Mediacirebon.id – Jaringan Cirebon untuk Kemanusiaan Gelar Diskusi Implementasi UU TPKS Jaringan Cirebon untuk Kemanusiaan menggelar Diskusi Publik dalam kegiatan 16 Hari Anti Kekerasan Terhadap Perempuan (#16HAKTP) di Keraton Kacirebonan, Kota Cirebon Jumat (08/12/2023).
Topik yang dibahas adalah “Kekerasan itu Nyata: UU TPKS adalah solusi”. Kegiatan ini di hadiri oleh Sultan Kacirebonan, Pangeran Abdulgani Natadiningrat untuk memberikan sambutan dan Hadir sebagai pembicara pada kegiatan ini, Selly Andriani (anggota Komisi VIII DPR RI), Pangeran Roeslan Amiril Moekminin (Pusat Bantuan Hukum Kacirebonan), Sa’adah (Forum Pengada Layanan WCC Mawar Balqis), Ipda. Iman Hendro (Kanit PPA Polres Cirebon Kota), dan Dr.
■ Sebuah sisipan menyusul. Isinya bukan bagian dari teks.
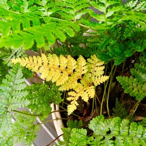 常盤忍と紅羊歯。うちのトキワシノブに稀に出てくる黄葉。通常のシノブの落葉前とは違い、これで新葉です。ベニシダの新葉があれば赤黄緑と3色揃って良かったのですが。ちなみにベニシダはかなり以前に自分で初めて採取したもの。カナワラビの自生地だったのですが判別出来ませんでした。
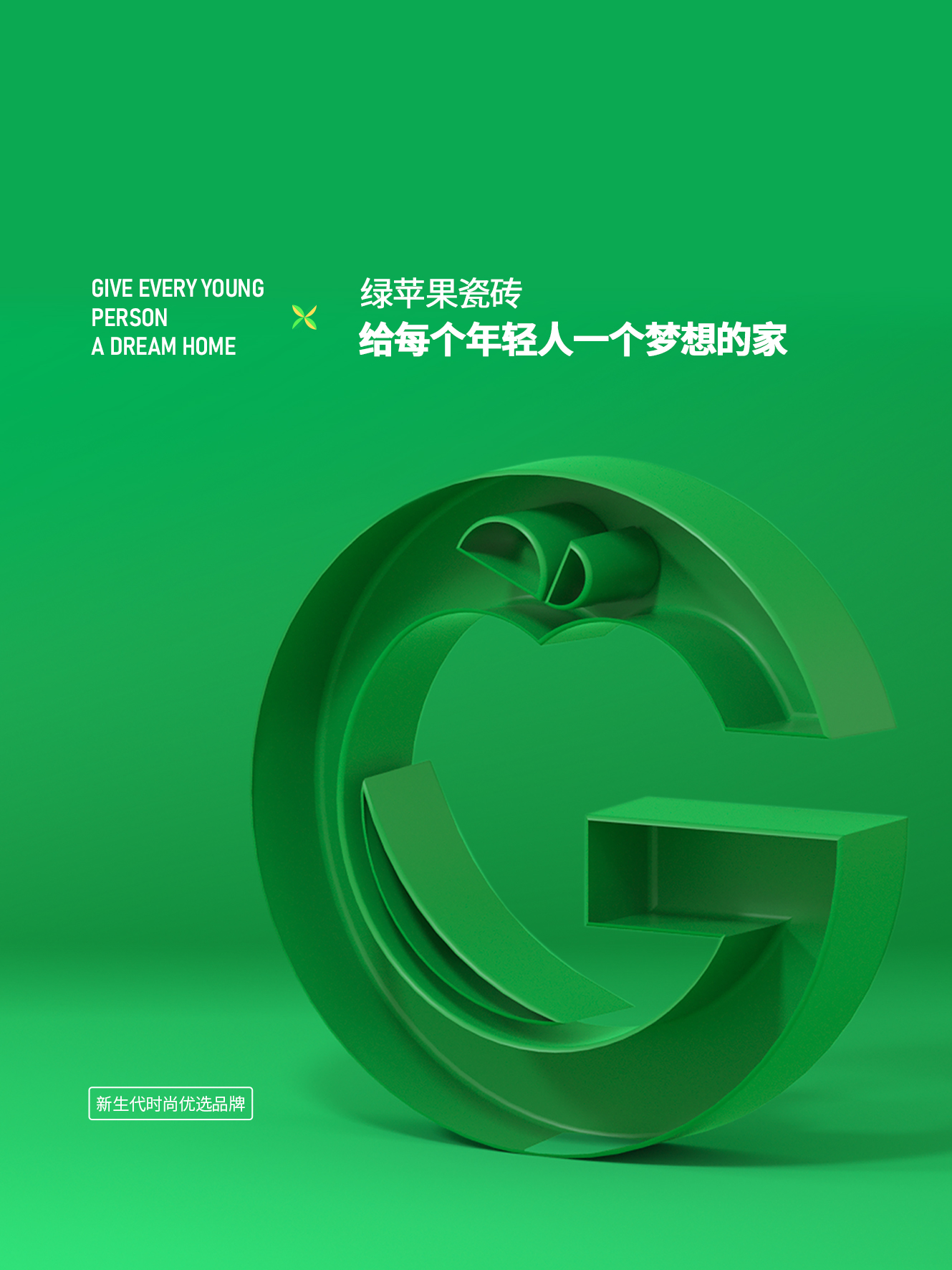 新生代品牌瓷磚綠蘋果瓷磚GREEN APPLE 始于2010年,糅合潮流元素與多變格調(diào),優(yōu)選品質(zhì)好物,用顛覆創(chuàng)新的思維去組合夢(mèng)想空間,打造時(shí)尚、激情、富有情感互動(dòng)的理想家,其中張揚(yáng)著年輕、奮斗和快樂(lè)的DNA。產(chǎn)品集合國(guó)際潮流色彩,以“給每個(gè)年輕人一個(gè)夢(mèng)想的家”為品牌使命,傳遞正青春的簡(jiǎn)單理念和細(xì)膩入微的質(zhì)感精神。

Beni dari Pusat Pelayanan Terpadu RS. Gunung Jati serta di fasilitasi oleh Alifatul Arifiati dari Fahmina Institut.
Eva Zulfauzah, Koordinator Panitia Pelaksana menyebutkan bahwa kegiatan ini merupakan kolaborasi lintas komunitas dan lembaga untuk bersama-sama merespon kasus-kasus kekerasan terhadap perempuan yang masih tinggi di Cirebon.
“Kekerasan seksual adalah masalah serius yang harus kita tuntaskan bersama. Lahirnya Undang-Undang No. 12 Tahun 2022 tentang Tindak Pidana Kekerasan Seksual memberikan landasan kuat untuk menegakan keadilan dan melindungi korban. Bukan semata tanggungjawab pemerintah saja.” seru Eva yang juga Koordinator GUSDURian Cirebon.
Implementasi pasca disahkannya Undang-Undang No. 12 Tahun 2022 tentang Tindak Pidana Kekerasan Seksual menjadi sorotan dalam diskusi ini. Menurut Selly Andriani, anggota Komisi VIII DPR RI ini mengatakan pelibatan semua pihak penting dilakukan. Mulai dari Pemerintah Pusat, Aparat Penegak Hukum, Pemerintah Daerah, Organisasi Masyarakat Sipil, dan Masyarakat.
“Masih banyak korban yang merasa masih kesulitan dalam mengakses layanan pelaporan, penanganan, pemulihan. Ini menjadi PR bagi kami, apakah ini hambatan di pemerintah daerah atau kurang publikasi.” tuturnya.
Selain itu, implementasi dari UU ini saat persidangan masih menjadi perdebatan di aparat penegak hukum. Menurut anggota DPR RI dari Dapil 8 ini, pemahaman dari aparat penegak hukum yang masih menggunakan KUHP menjadi kesulitan yang dihadapi pendamping untuk memberikan layanan maksimal.
“Kami dari DPR RI akan mendorong Pemerintah dalam hal ini KemenPPA untuk secepatnya mengeluarkan 5 Peraturan Pemerintah dan 5 Perpres agar tidak tumpang tindih dan tidak mempersulit implementasi di Pemerintah Daerah. Dan penting untuk melibatkan semua stakeholder dalam penyusunannya.” ujar Selly.
Sementara itu, Saadah, dari Forum Pengada Layanan WCC Mawar Balqis menjelaskan kendala yang dihadapinya saat memberikan layanan kepada korban. Hak-hak korban yang dijamin dalam UU TPKS belum berjalan dengan baik.
“Misalnya dalam pelayanan kepada korban kekerasan seksual, tenaga layanan dan aparat penegak hukum harus sudah mendapatkan pelatihan.” jelasnya.
UU TPKS mengamanatkan untuk memberikan hak restitusi kepada korban. Tetapi tidak disampaikan kepada korban. Saadah berharap hak-hak hukum korban dapat dipenuhi.
“Masih banyak aparat penegak hukum Kepolisian yang tidak mau menggunakan UU TPKS karena belum ada aturan turunan pelaksananya. Padahal, Kapolri sudah mengeluarkan telegram instruksi untuk menggunakan UU TPKS” ungkap Sa’adah.
Menurut Kanit PPA Polres Cirebon Kota, Ipda Iman Hendro, UU TPKS ini penting sekali. Tetapi aparat masih menggunakan KUHP dalam beberapa kasus.
“harus ada aturan turunan yang spesifik dalam melaksanakan UU ini.” tuturnya.